Departamento de Análises Clínicas, Toxicológicas e Bromatológicas, DACTB, Faculdade de Ciências Farmacêuticas de Ribeirão Preto, Universidade de São Paulo (USP), Ribeirão Preto, São Paulo, Brazil.
Laboratório de Farmacologia, DEPCH, Escola de Enfermagem de Ribeirão Preto, Universidade de São Paulo (USP), Ribeirão Preto, São Paulo, Brazil.
Can J Physiol Pharmacol. 2021 Aug;99(8):795-802. doi: 10.1139/cjpp-2020-0473. Epub 2020 Dec 9.
Cardiac damage during the acute phase of Chagas disease (CD) is associated with an increase in pro-inflammatory markers and oxidative stress. Melatonin (MEL) has emerged as a promising therapy for CD due to its antioxidant and immunomodulatory properties; however, the protective action of MEL in the cardiac tissue, as well as its direct action on the parasite cycle, is not fully understood. We investigated the effects of MEL on heart parasitism in mice infected with and also its effects on the parasitic proliferation in vitro. Our in vivo study showed that MEL reduced circulating parasitemia load, but did not control tissue (heart, liver, and spleen) parasitism in mice. MEL did not prevent the redox imbalance in the left ventricle of infected mice. Our in vitro findings showed that MEL did not inhibit parasites replication within cells, but rather increased their release from cells. MEL did not control parasitism load in the heart or prevent the cardiac redox imbalance induced by acute infection. The hormone controlled the circulating parasitic load, but within cells MEL accelerated parasitic release, a response that can be harmful.
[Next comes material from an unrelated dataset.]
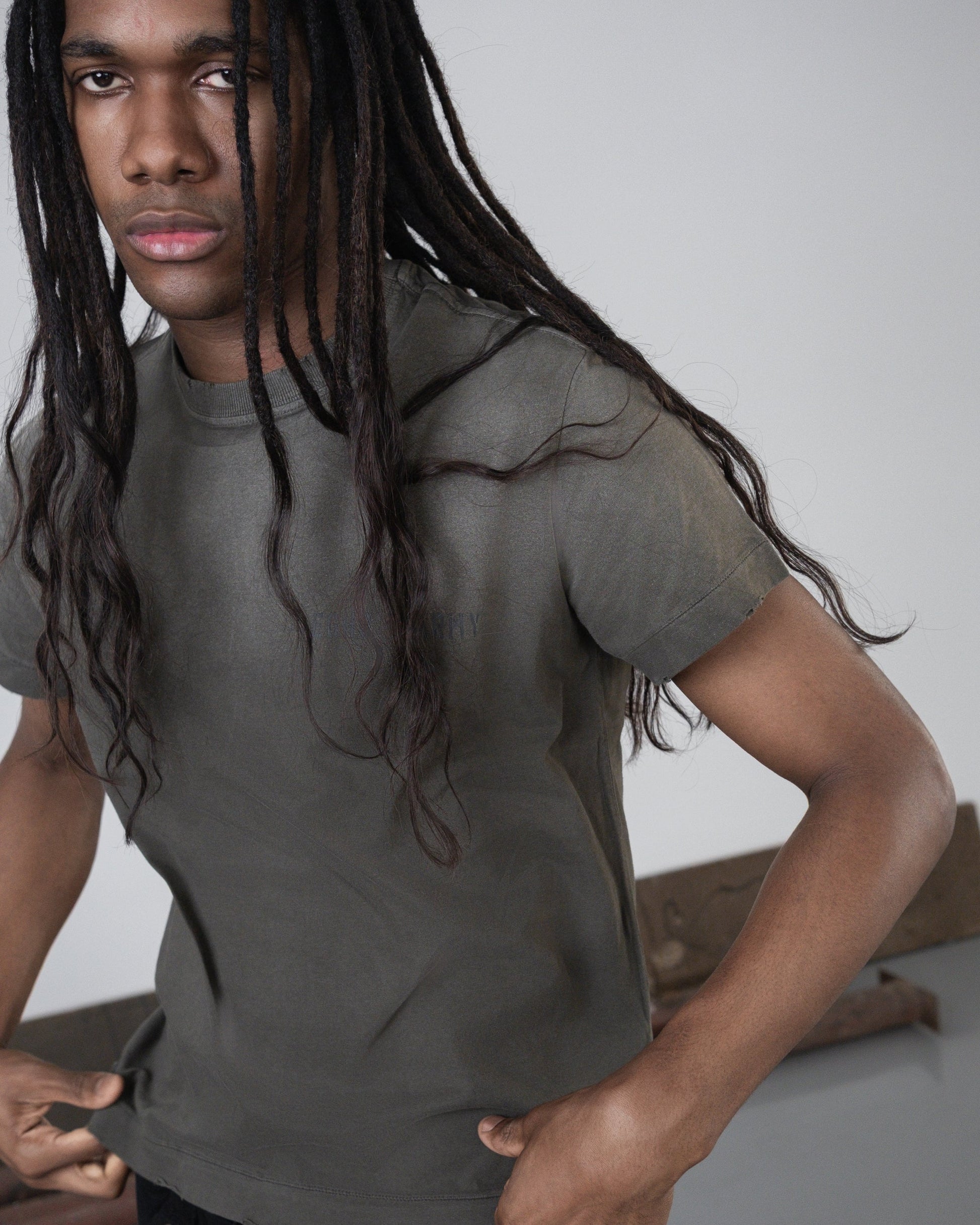 Modelagem regular da EGHO, com caimento reto e gola justa. Confeccionada em malha 30/1 de 180 GSM, 100% algodão de gramatura leve, com costura single stitch. Aplicação de gorgorão na lateral da peça. Tecido leve e toque macio resultam em uma peça solta e confortável. Estampa em silk de subtom com acabamento desgastado.

恰加斯病(CD)急性期的心脏损伤与促炎标志物和氧化应激的增加有关。褪黑素(MEL)因其抗氧化和免疫调节特性而成为治疗 CD 的一种有前途的方法;然而,MEL 在心脏组织中的保护作用及其对寄生虫周期的直接作用尚不完全清楚。我们研究了 MEL 对感染 的小鼠心脏寄生虫感染的影响,以及它对寄生虫体外增殖的影响。我们的体内研究表明,MEL 降低了循环寄生虫载量,但不能控制感染小鼠的组织(心脏、肝脏和脾脏)寄生虫感染。MEL 没有预防感染小鼠左心室的氧化还原失衡。我们的体外研究结果表明,MEL 并没有抑制细胞内寄生虫的复制,而是增加了寄生虫从细胞中的释放。MEL 不能控制心脏中的寄生虫感染负荷,也不能预防急性 感染引起的心脏氧化还原失衡。该激素控制循环寄生虫载量,但在细胞内,MEL 加速寄生虫释放,这种反应可能有害。